Костя украдкой колеблет значок. В знакомом наизусть кругляше нет Волка и Зайца! Вместо персонажей «Ну, погоди!» попеременно мерцают клоуны. Один в рыжем парике с красным носом, другой с грустными домиком бровями и в белых буклях – Бор и Бом! Хотя какие же это клоуны? Мерзкий Ефим Тыкальщик с карандашами в глазах переливается в оскаленного Фигнера с бритвой в руке! Вовсе нет, там окривевший божок Кхулган и братец его Огион – тоже с кровоточащей глазницей. Или же это карлица Эстизея с обожжённым лицом куклы и сестра Верочка?! Обманщик Принц и коварный старик-ворюга?! Каждое колебание значка порождает новые лики: Лёша Апокалипсис и Рома с Большой Буквы, папа и мама. А вот знакомая детская физиономия с пятнышками лишая – определённо добродушный шарж на Костю. На обратной стороне феномена будто плюшевая игрушка: мальчик-медвежонок с печальным взглядом…
Косте приходится основательно проморгаться, чтобы в значке снова поселились Волк и Заяц. Реальности больше нельзя доверять. Так вместо почтовых ящиков, пожалуй, можно увидеть нетопырей или человеческие кости…
Железные перила крыльца осыпало холодной росой. Ступеньки стоптаны, щербаты и похожи на творение ветра, а не рук человеческих.

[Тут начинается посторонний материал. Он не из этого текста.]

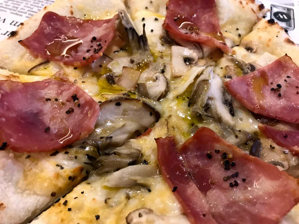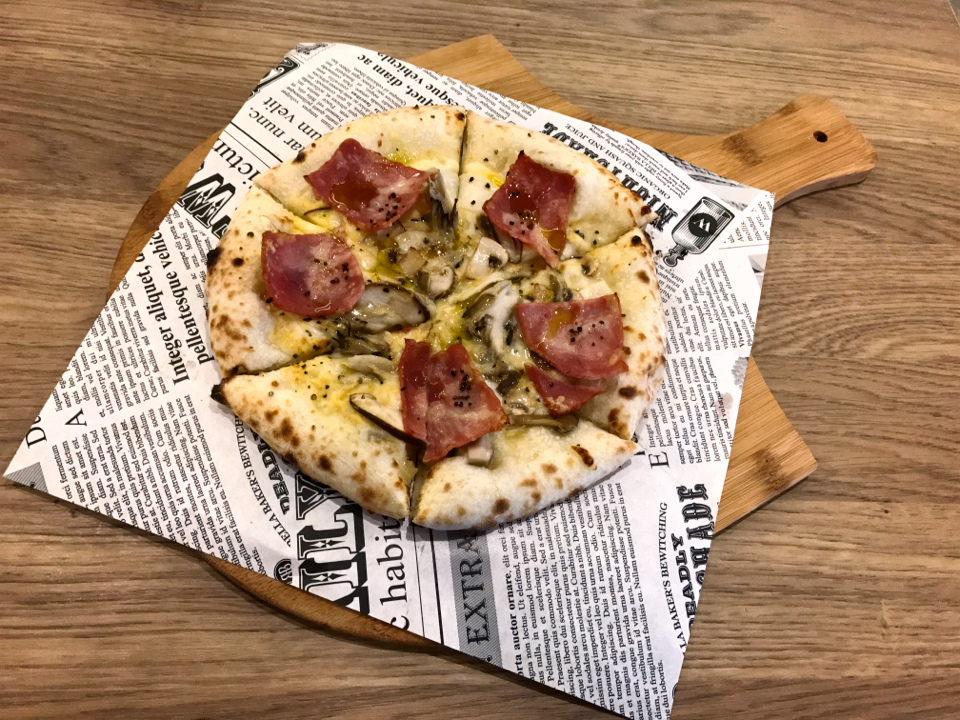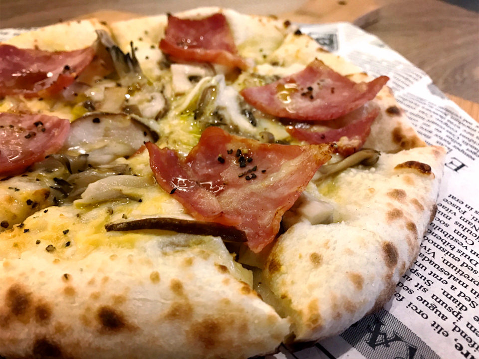 綜合野菇披薩180元,不算大的披薩大約6或7吋吧?!味道不會太重,培根和野菇的鮮味還蠻不錯的,一點橄欖油調味,餅皮雖然算是薄的,但是有嚼勁的那種,吃起來會蠻有飽足感的,烤得很香,口味也算不錯,不過因為前面吃到的義大利麵很好吃,披薩瞬間被比下去了XD!兩個人來吃的話,各點一種倒是蠻不錯的。

Лёша Апокалипсис оглядывается на пружинный скрип открывшейся двери. Бородатое лицо выглядит сказочным, как у добродушного лешего. В ладони носовой платок, на нём почерневший трупик Ангельчика-с-Пальчик.
– И плакал я час слёзно и полчаса кровно, а потом выплакал глаза, и покатились они по белу свету! – произносит Лёша Апокалипсис вместо приветствия. – И поведали мне глаза, что увидели, и сказали: «Иди и запоминай!» И узнал я, что водопроводные краны безводны! А строительные краны духоподъёмны!..
Костя изучает обрубок без прежнего отвращения. В прошлый раз тот был чуть согнутым, а теперь и вовсе свернулся креветкой. Такой жалкий и беспомощный в смерти, похожий на человеческий эмбрион.
– Бес – как вокзальный диспетчер по громкой связи! – мается Рома с Большой Буквы.
До отправления поезда
Осталось пять минут,
А мне смешно и боязно —
А вдруг меня убьют
Проводники суровые,
Ударят по челу,
Воткнут полуметровую
Цыганскую иглу.
И я взорвуся кашлями
И, раною кровя,
Обрушусь словно башня я,
Нисколько не живя.
А поезд скоро тронется,
Заклацают купе…
Лишь я, как три детдомовца,
Валяюсь буквой Пэ.
Н-н-н-н!..
– Пора, Костя! – торжественно, чтоб слышали и юроды, провозглашает Божье Ничто. – Веди нас!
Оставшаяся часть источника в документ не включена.